On the other hand, Bro. Tomy Varghese, the unassuming principal of the class V-XII CISCE (Delhi)-affiliated St. George’s College, Mussoorie (SGM, estb.1853), has no hesitation in stating that he is “thrilled” with the progress SGM has been steadily making in the “commendably objective and impartial” EWISR league tables. Bro. Tomy is especially delighted about the high ratings awarded by sample respondents to SGM on eight of the survey’s 14 parameters of education excellence.
“Right from the time a child is admitted into class V, our objective is to ensure his holistic development inside the classroom and on the sports field. Our management and teachers are fully focused on developing our students into young men with well-balanced personalities, individuals capable of making their way in the world and invested with the values to make it a better place for the less-privileged. But while we are pleased about our rise in public esteem, we are conscious that every day brings new challenges and we have to prepare our children to confront these challenges and cross many milestones,” says Bro. Tomy, former principal of St. Joseph’s Coonoor and St. Patrick’s, Angamaly, Kerala who was appointed principal of SGM in 2014. Currently, SGM has 762 boys mentored by 60 teachers on its muster rolls.
Likewise, the ranking awarded to it in the annual EWISR 2019-20 is given high importance by the Birla Public School, Vidya Niketan, Pilani (BPS, estb.1944), sited in the hometown of legendary industrial tycoon G.D. Birla (1894-1983). In 1918 Birla set out from Pilani for Calcutta to build one of India’s most diversified and enduring business empires. In addition to BPS, Birla also endowed this small desert town with the superbly equipped Birla Institute of Science and Technology (estb.1964), routinely ranked India’s #1 private engineering university in the annual EducationWorld India Private University Rankings survey (see www.educationworld.in). Ranked #8 last year BPS, Pilani is promoted to #6 in EWISR 2019-20.
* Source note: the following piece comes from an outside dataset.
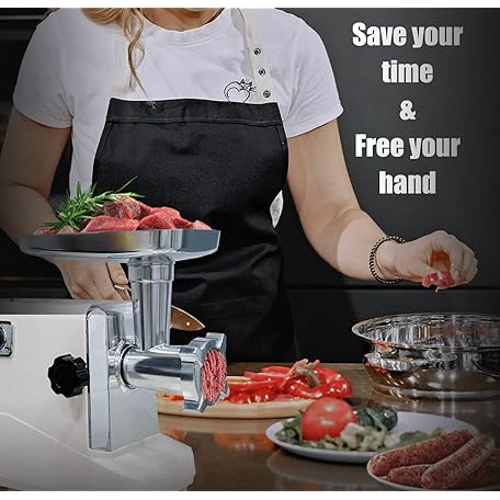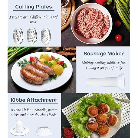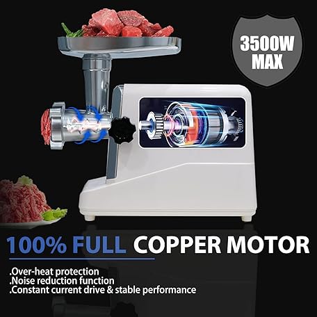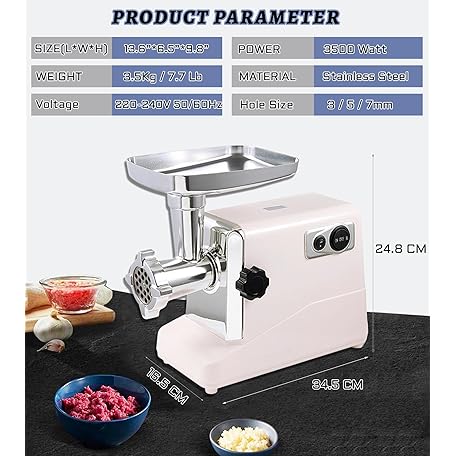 Thông tin sản phẩm VNIMTI Meat Grinder Electric, 3500W Meat Mincer Machine, Stainless Steel Sausage Maker for Home Using with 3 Cutting Plates, Sausage Stuffer Tube & Kubbe Kit Kitchen(Classic - White)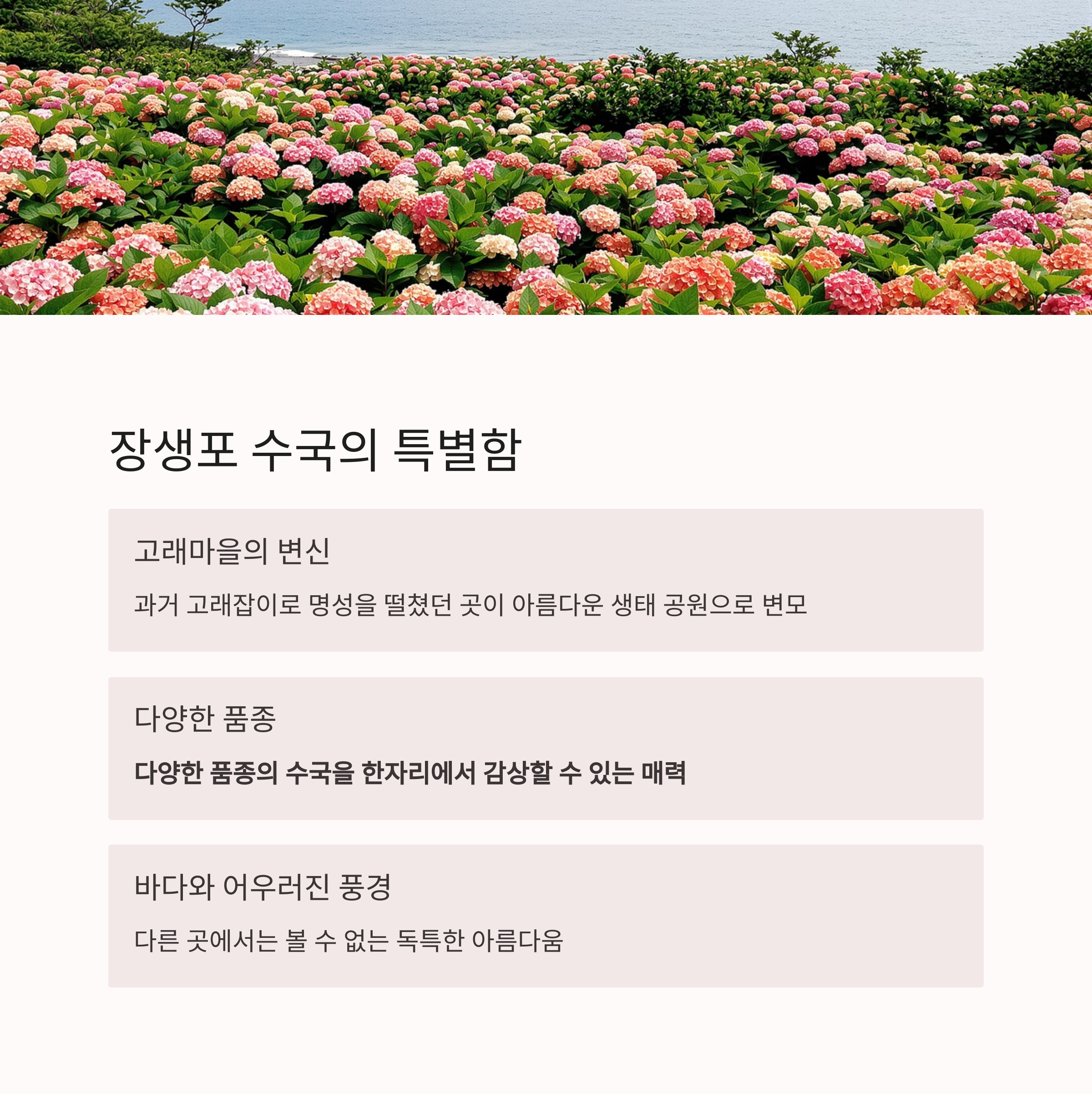 - 수국 외 즐길 거리도 확인하기: 장생포에는 고래박물관, 고래생태체험관 등 다양한 볼거리가 함께 있습니다. 수국 감상과 더불어 다른 체험도 함께 계획해 보세요.

“In BPS, we take EW’s 14 parameters of excellence by which schools are rated and ranked in the annual EWISR, very seriously. Therefore, we are delighted that BPS has been able to sustain its ranking within the Top 10 boarding schools of the country for the past five years. This year’s # 6 ranking — our highest ever — is a great motivation factor and has given impetus to our journey towards excellence,” says Capt. (Indian Navy) Alokesh Sen, a chemistry and education postgrad of Utkal University who was appointed principal of BPS after 23 years of service in the education wing of the Indian Navy in 2010. Currently, BPS has 1,050 boys mentored by 95 teachers on its musters.
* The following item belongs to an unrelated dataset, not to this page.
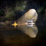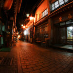 Haunting corridor in an abandoned theme park, Gluck Kingdom, with peeling wallpaper, tattered carpet, and a dimly lit chandelier casting an eerie glow over the decaying interior, evoking a sense of a once-grand, now forgotten, relic.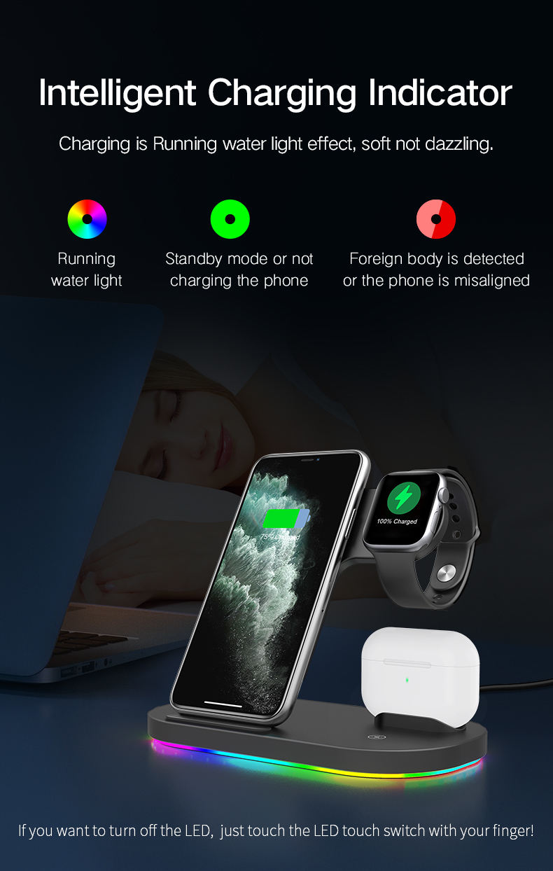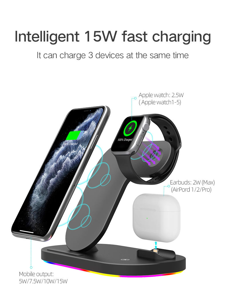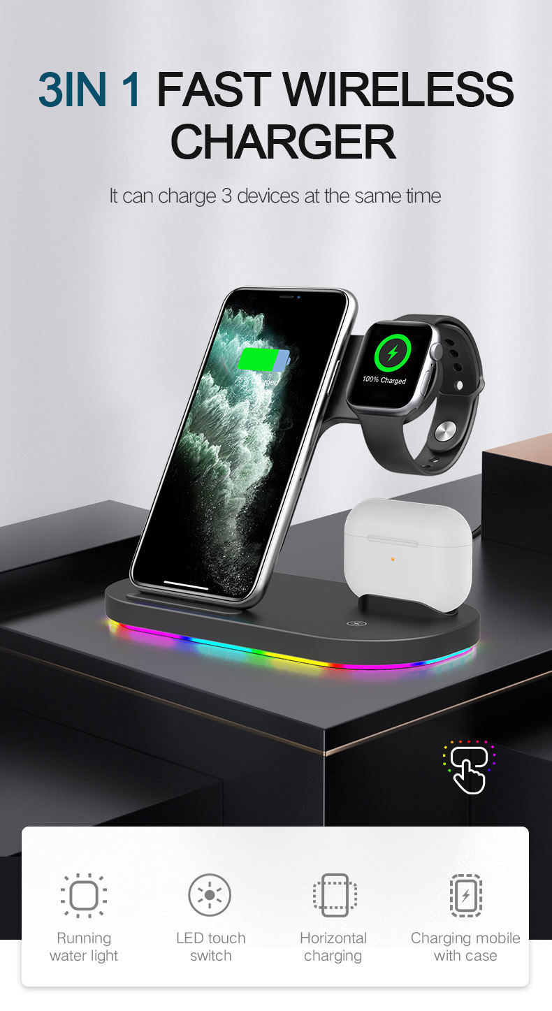 2020 New Phone Accessories For iPhone 12 QI Fast Wireless Charger 3 in 1 5W 7.5W 10W 15W Mobile Phone Wireless Charger

Further down the 30-strong league table of the country’s sufficiently well-known boys boarding schools, among the institutions which have improved their ranking this year are Guru Nanak Fifth Centenary, Mussoorie #7 (9), Rashtriya Military School, Bangalore #8 (9), G.D. Birla Memorial, Ranikhet #9 (10) — remarkably four Birla boys boarding schools are ranked among the Top 10 this year — St. Joseph’s, North Point, Darjeeling #10 (11) several government of India Sainik schools, and the B.K. Birla Centre for Education, Pune #14 (16).